Scientists working for Harvard University have found evidence of an ‘early world’ concealed under the crust of the planet we know now.
New findings from the Earth’s mantle might have revealed that our planet collided with other planetoids, which ultimately resulted in the creation of our moon. The remnants of these findings may be from a former version of our planet that existed 4.5 billion years ago.
There are at least four major theories regarding the formation of our moon.
The most accepted theorizes that the heat produced by a crash with another planetoid caused debris to fly off and become captured by our planet’s gravitational pull, eventually coalescing and forming the moon.
The Harvard team, directed by Associate Professor Sujoy Mukhopadhyay, believes that they have found evidence to support a theory that only a portion of the Earth melted during these events, and that an ancient ‘pre-crash’ region exists within the Earth’s mantle.

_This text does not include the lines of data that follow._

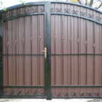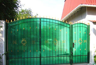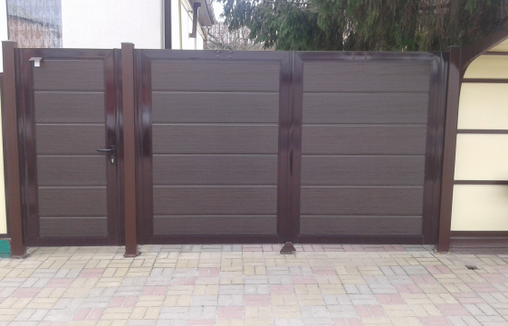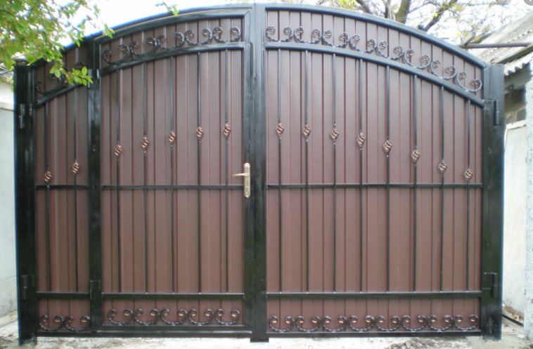 - Portails battants avec porte intégrée, mais en haut ils forment une traverse horizontale pour augmenter la rigidité. Dans une structure d'une largeur de 4 mètres, les transports et les personnes transitent.
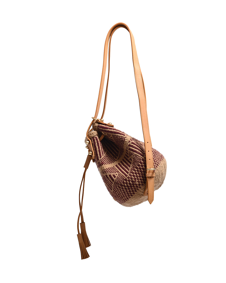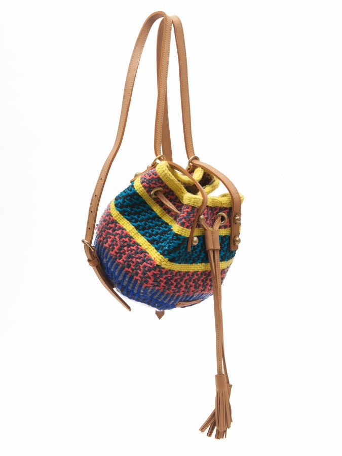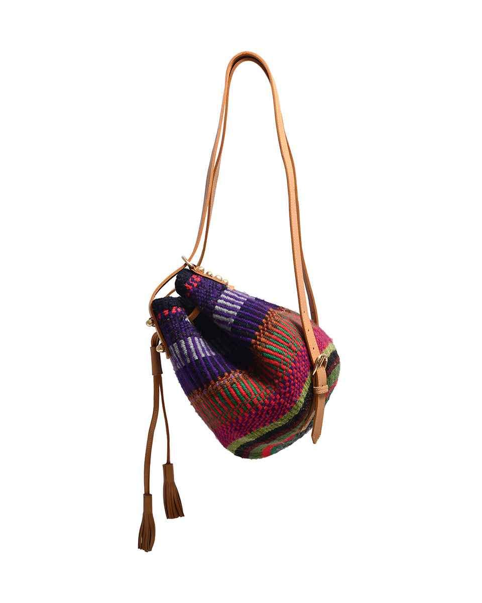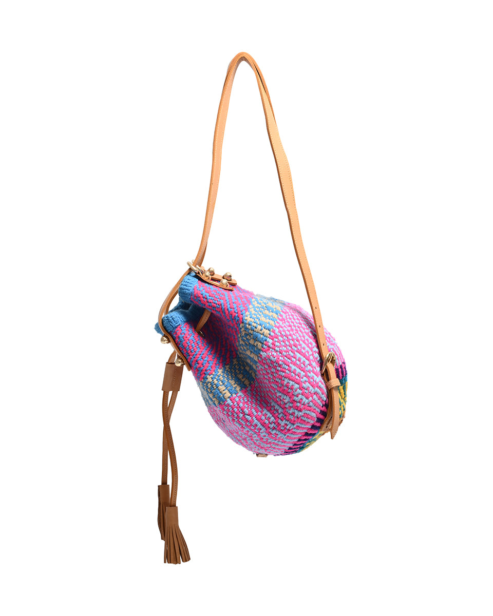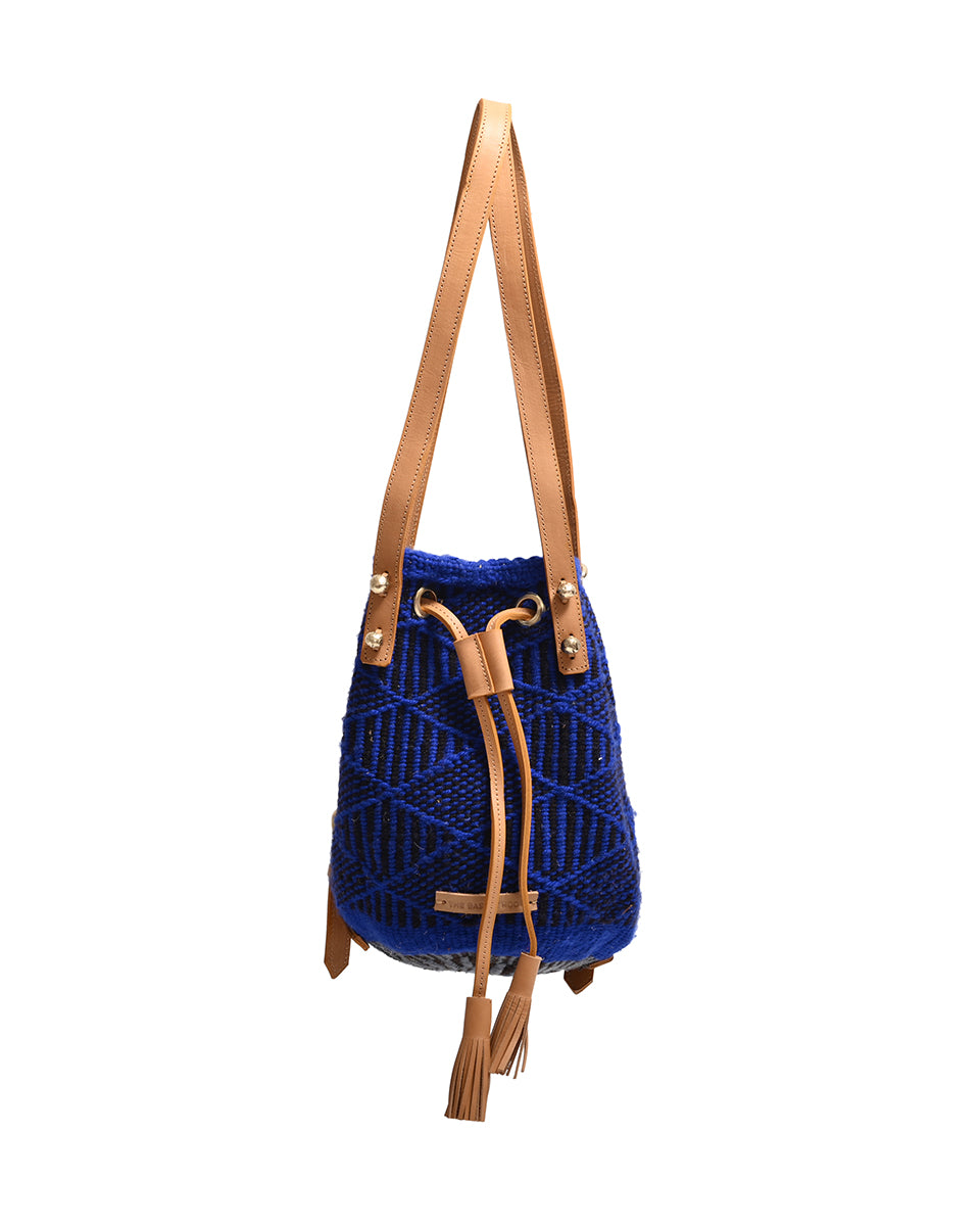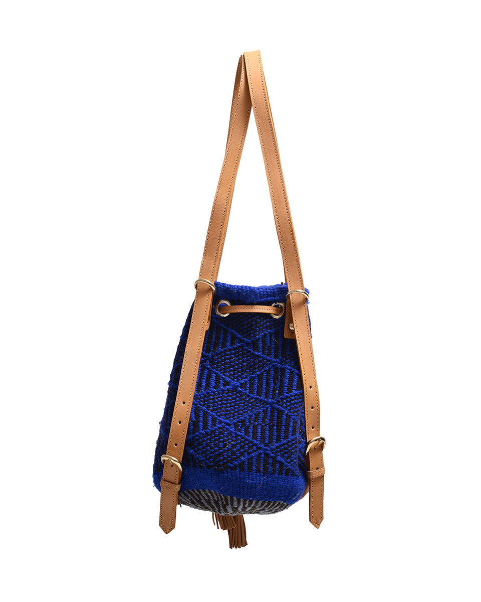 Sac d'été ultime et accessoire de festival parfait, nos sacs seau et sacs à dos tissés colorés sont tissés à la main dans des motifs tribaux uniques par des femmes travaillant au sein d'une coopérative de tissage au Kenya. Durables de bout en bout, les rivets en perles métalliques sont fabriqués à partir de laiton recyclé et coulé au sable par des artisans vivant dans le bidonville de Kawangware à Nairobi.
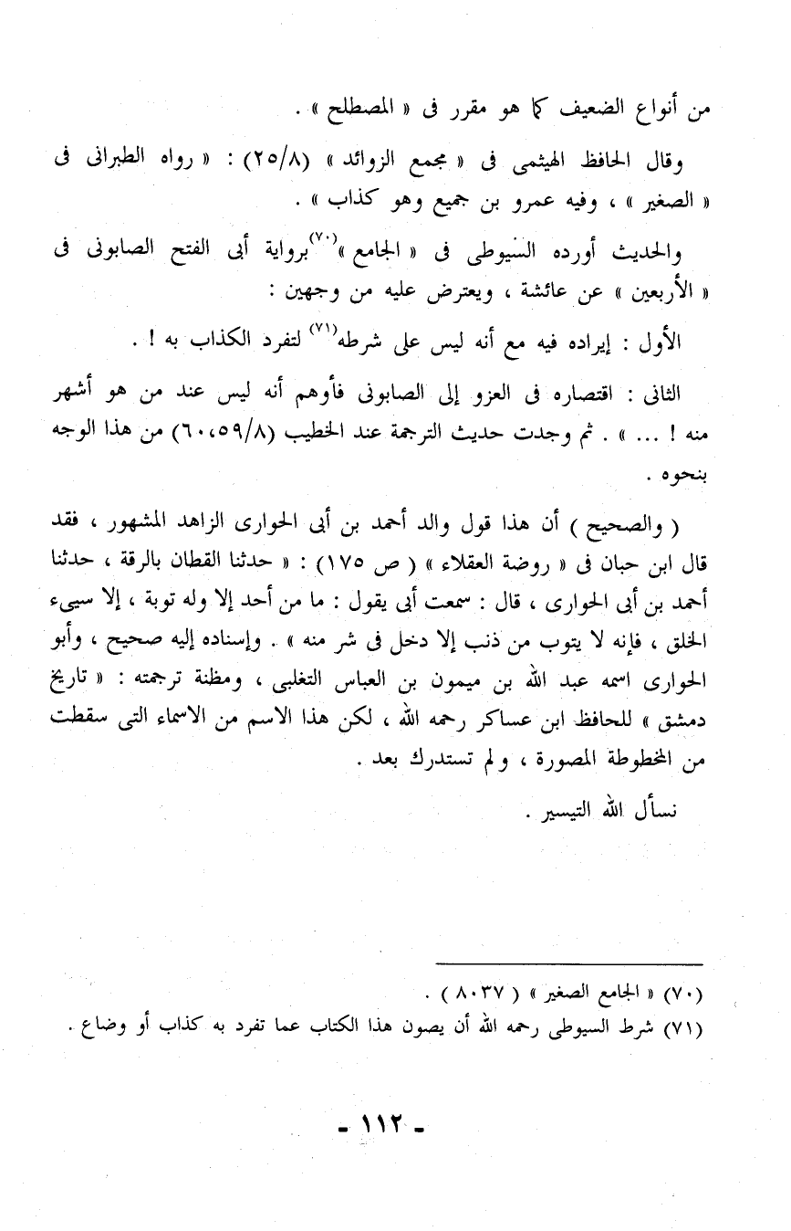 (¬71) شرط السيوطى رحمه الله أن يصون هذا الكتاب عما تفرد به كذاب أو وضاع.
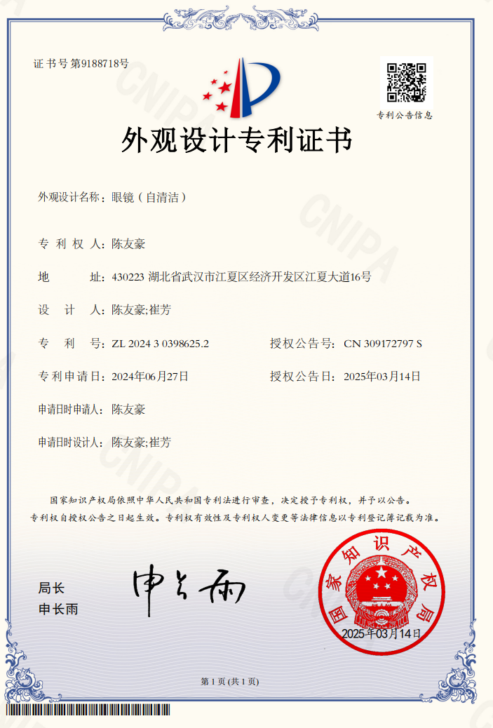17 | OK138太阳集团 | 陈友豪 | 眼镜(自清洁) | 外观设计专利 | 2025-03-14 | 是 |
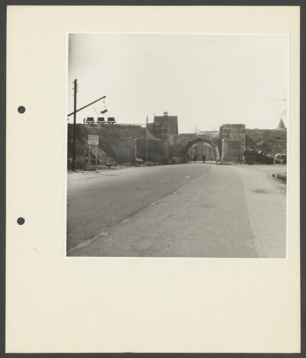 Foto van de oorlogsschade aan het viaduct op de Dorpstraat in Westervoort
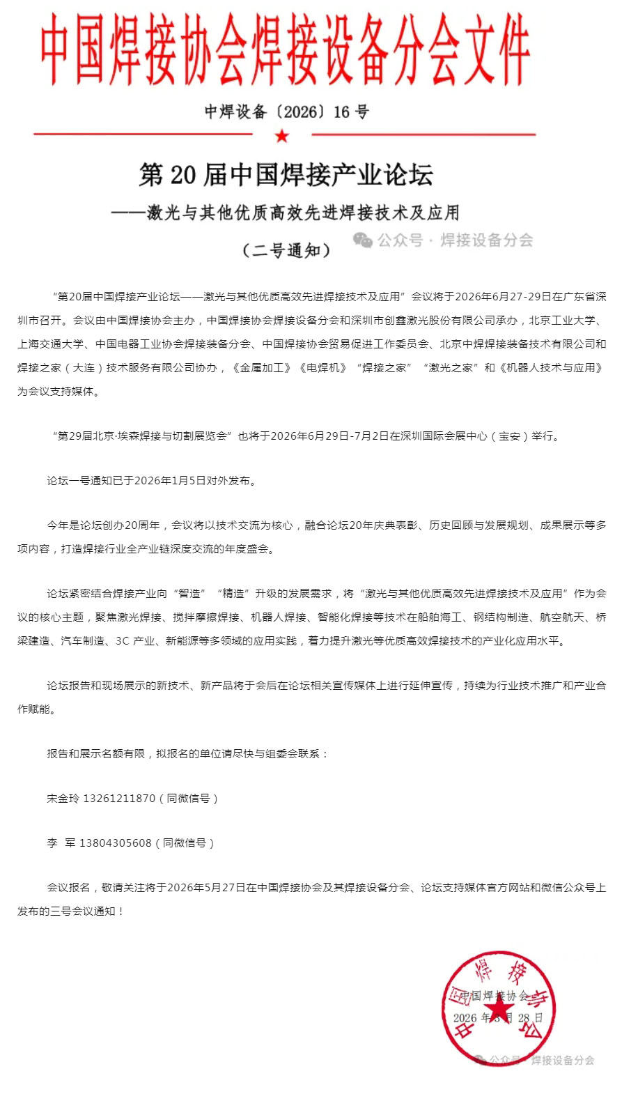 第20届中国焊接产业论坛——激光与其他优质高效先进焊接技术及应用(二号通知)
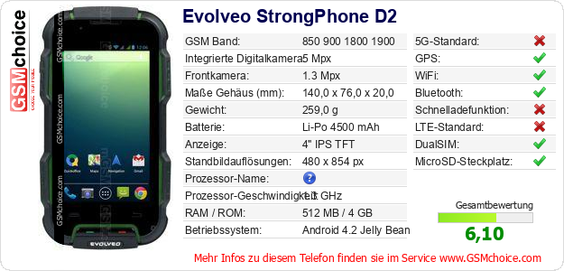 Hast du eigene Webseite? Willst du die Informationen über Standarddaten des Handys Evolveo StrongPhone D2 irgendwo veröffentlichen? Das ist sehr einfach. Du kannst das Bild herunterladen oder kopieren und auf der Webseite folgenden Code hinzufügen:Das Einfügen von diesem Code verursacht das Anzeigen von dem folgenden Bild:

Reporting in the journal Nature, Mukhopadhyay says:
“We believe that the impact energy wasn’t equally spread through the early Earth.
This implies that a important portion of the impacted hemisphere would likely have been fully vaporized, but the reverse hemisphere would have been partially protected, and wouldn’t have gotten whole thawing.”
This leads scientists to hypothesize that our planet is actually derived from two worlds: the distantly ancient world and the recent world.
Professor Mukhopadhyay notes: “This means that the last giant impact didn’t fully blend the mantle and there wasn’t a entire mantle-magma ocean.”
The researchers measured the decay of an isotope of xenon, known as 129-Xenon. Since this isotope is generated by the radioactive decay of 129-iodine, scientists can measure the creation age of the Earth’s mantle to within 100 million years.
Says Professor Mukhopadhyay:
“The geochemistry suggests that there are differences between the noble gas isotope ratios in various areas of the Earth, and these should be clarified.
The notion that a really tumultuous wreck of the Earth with a different planet-sized body didn’t fully melt down and homogenize the Earth, challenges some of our views on planet formation as well as the energetics of giant impacts.
In the event the theory is proven right, then we may be seeing echoes of the primeval Earth, from a time before the crash.”